64th ISI World Statistics Congress

64th ISI World Statistics Congress

Modernizing Access to Statistics Canada’s Microdata Files

Conference

64th ISI World Statistics Congress

Format: CPS Abstract

Keywords: governance, metadata, microdata

Session: CPS 40 - Aspects of official statistics III

Tuesday 18 July 8:30 a.m. - 9:40 a.m. (Canada/Eastern)

Abstract

Over the last several years, Statistics Canada (StatCan) has been forming and implementing its modernization strategy, with a focus on user-centric delivery, sharing and collaboration, and enhanced tools and platforms. In line with this corporate initiative, StatCan’s Data Access Division (DAD) has been leading efforts to update the platforms and governance that facilitate access to microdata for external users.

Launched in 2021 and 2022, the Virtual DataLab (vDL) and the Rich Data Services (RDS) platforms provide users with 24/7 access to confidential and public use microdata files, respectively. These cloud-based platforms were both developed to align with the Government of Canada’s cloud-first approach, which highlights the need to implement this type of technology in order to improve the existing information technology (IT) services. The shift to cloud-based IT infrastructure has significantly improved access to microdata for external users, by eliminating geographical constraints, and providing modern and flexible platforms.

The vDL is a secure access solution hosted on the Microsoft Azure cloud, which enables access to a wide range of de-identified microdata files along with a variety of software that allows users to analyze the data. With the launch of this innovative platform, a new governance framework was implemented, premised on a shared-risk approach that leverages partner accountability for oversight and monitoring of its vDL users. Access to the vDL is predicated on an agreement between StatCan and the accessing organization, each user receiving accreditation, and an evaluation of the sensitivity of the data; data deemed too sensitive remains in our on-premises access locations.

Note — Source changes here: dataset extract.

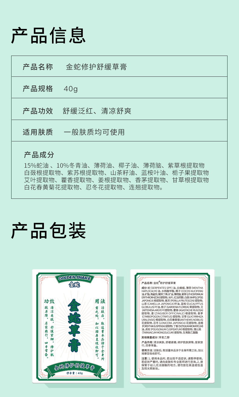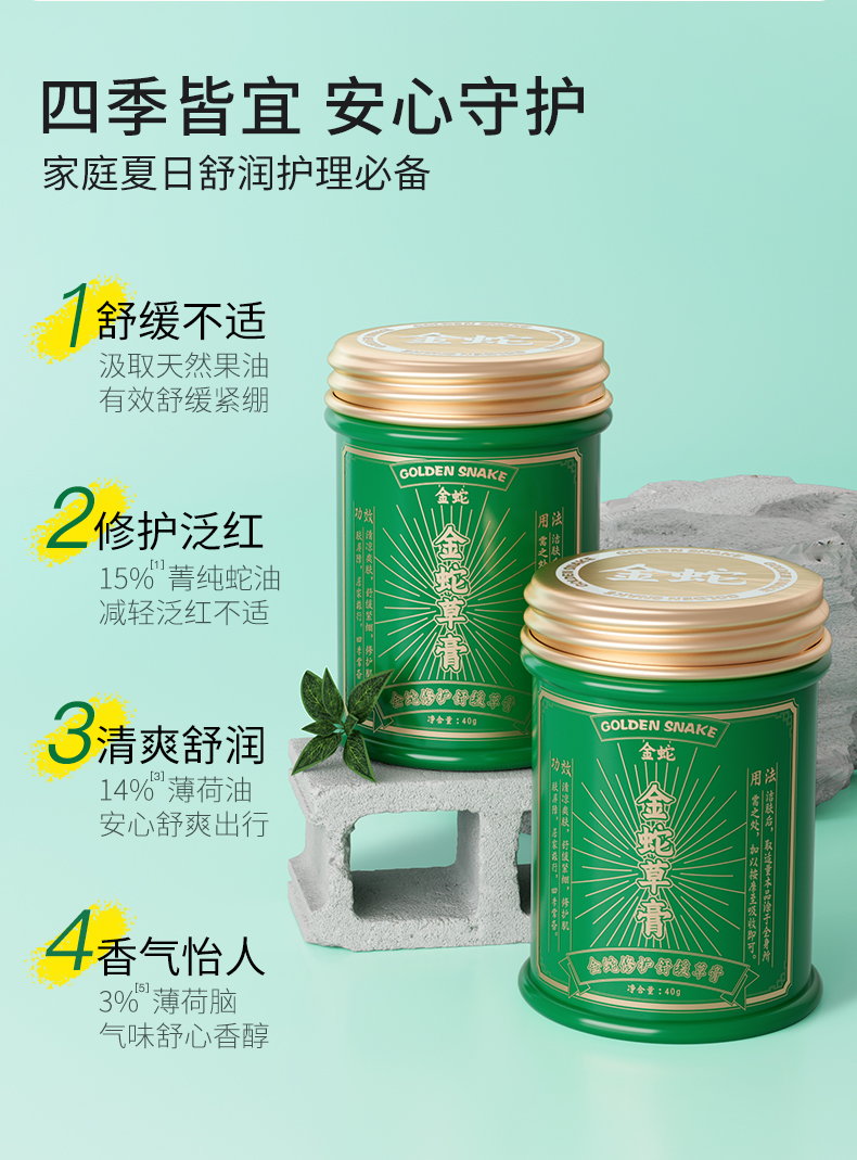 【品名】【百年老国货 驱蚊止痒】金蛇 修护舒缓草膏 清爽舒润 舒缓清凉 40g/支 【规格】40g/支 【产地】国内 【发货包装】独立包装 【发货地】广东 【发货快递】申通 【补邮费地区】新疆、西藏、内蒙古、宁夏、甘肃、青海+5元 【发货时效】48-72小时,周末节假日顺延 |

The RDS platform, developed by Metadata Technology North America, hosts StatCan’s public use microdata files (PUMFs), and allows users to create customized datasets, codebooks, and analytical tables, as well as run linear regressions. Additionally, it standardizes PUMF metadata in machine-readable formats to support automation and system integration, which are part of a StatCan led metadata modernization project. This project will help ensure a clear governance structure is in place in order for metadata to be standardized and managed across the agency, as well as to ensure users have easy access to clear and accurate data and metadata.

This paper will outline the new platforms and governance for access to microdata in Statistics Canada’s Data Access Division.